= Data excerpt =
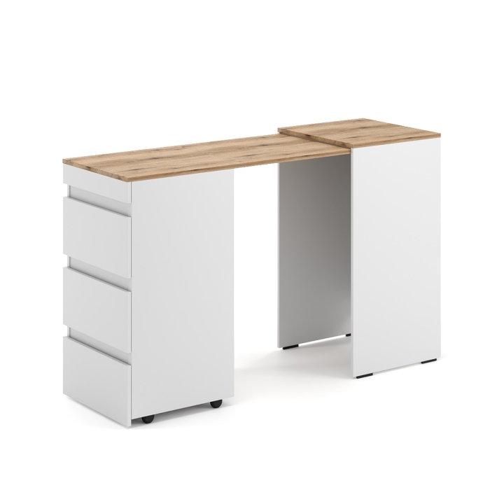 Компактний, зручний та стильний комод-трансформер, що за потреби легко перетворюється в робоче місце. Надійний та легкий механізм трансформації виключає ймовірність заклинювання при розкладанні. В будь-якому положенні, складеному чи розкладеному, конструкція комоду є міцною та стійкою, а за рахунок доданих до нього шухляд він додає більше місця для зберігання Ваших речей.
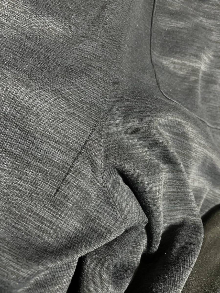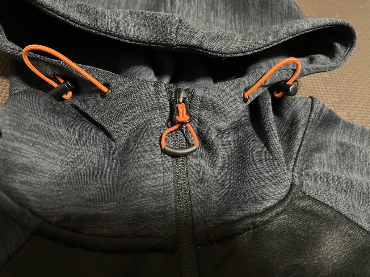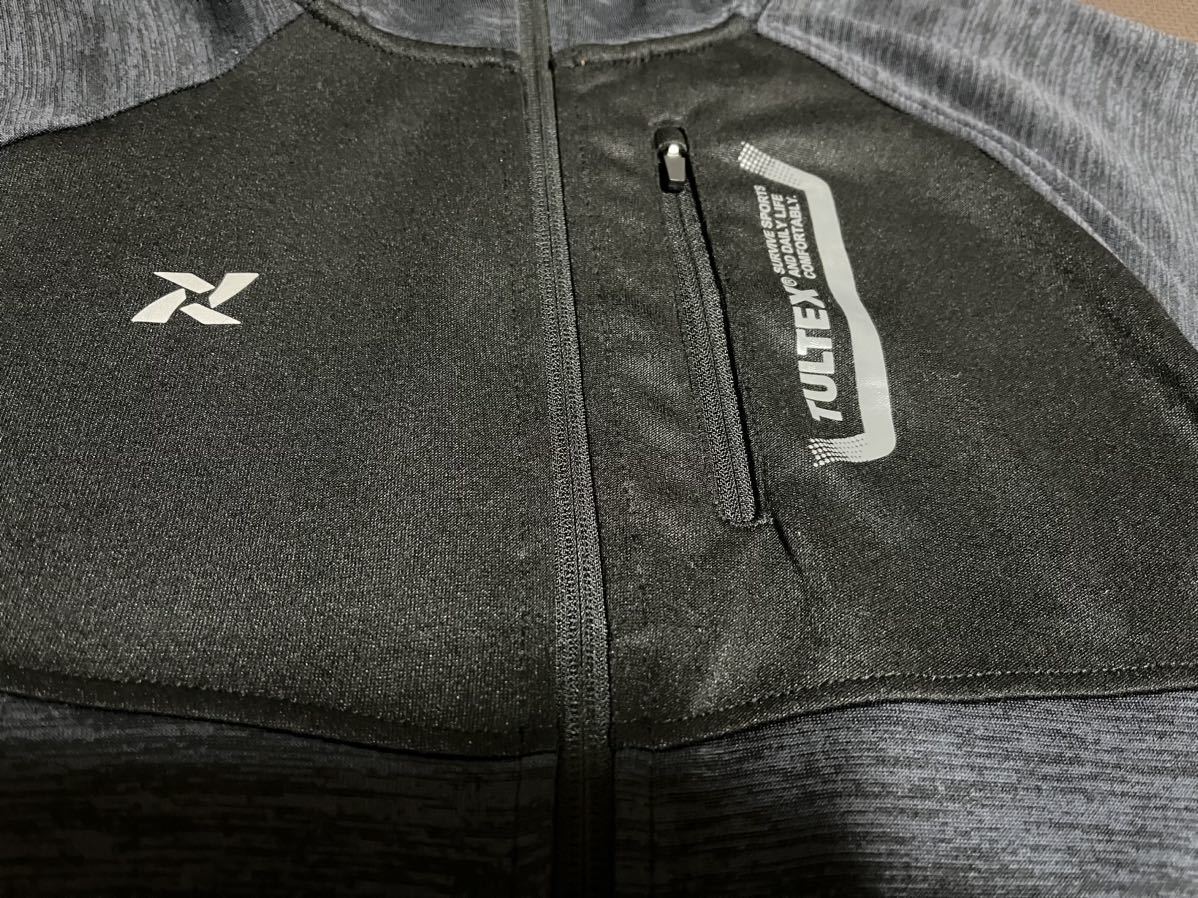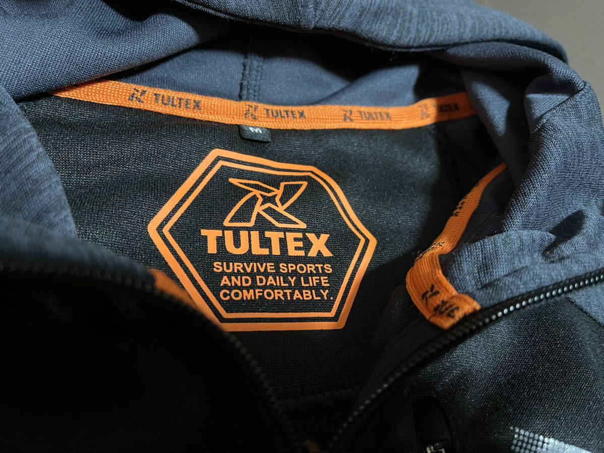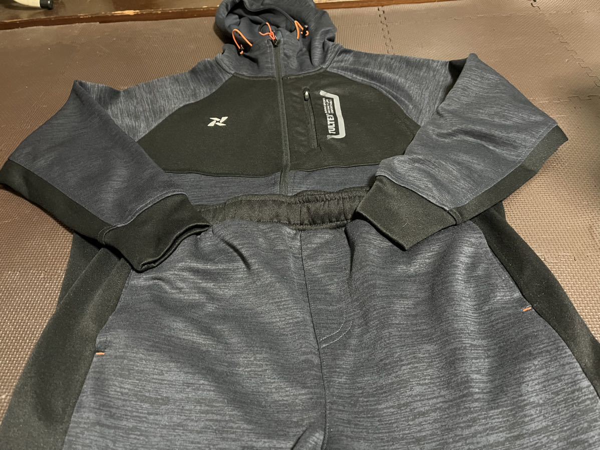 TULTEX胸ポケット黒、グレー柄入り、ロゴグレー、シルバー、ゴム紐蛍光色オレンジ、ストレッチ上下セット
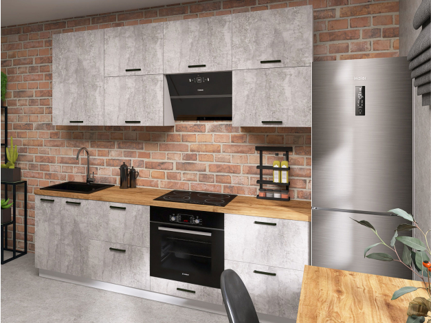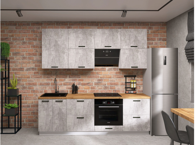 Кухонный гарнитур Модус 240 см с антресолями — отличный выбор для организации функционального рабочего пространства. Прямая конфигурация дает возможность расположить все элементы вдоль одной стены. Антресольные шкафы позволяют эффективно использовать верхнюю часть гарнитура для хранения посуды и кухонной утвари.

= What to work on =
Give the data above again exactly. Leave the pictures out.

= Written response =
 Компактний, зручний та стильний комод-трансформер, що за потреби легко перетворюється в робоче місце. Надійний та легкий механізм трансформації виключає ймовірність заклинювання при розкладанні. В будь-якому положенні, складеному чи розкладеному, конструкція комоду є міцною та стійкою, а за рахунок доданих до нього шухляд він додає більше місця для зберігання Ваших речей.
 TULTEX胸ポケット黒、グレー柄入り、ロゴグレー、シルバー、ゴム紐蛍光色オレンジ、ストレッチ上下セット
 Кухонный гарнитур Модус 240 см с антресолями — отличный выбор для организации функционального рабочего пространства. Прямая конфигурация дает возможность расположить все элементы вдоль одной стены. Антресольные шкафы позволяют эффективно использовать верхнюю часть гарнитура для хранения посуды и кухонной утвари.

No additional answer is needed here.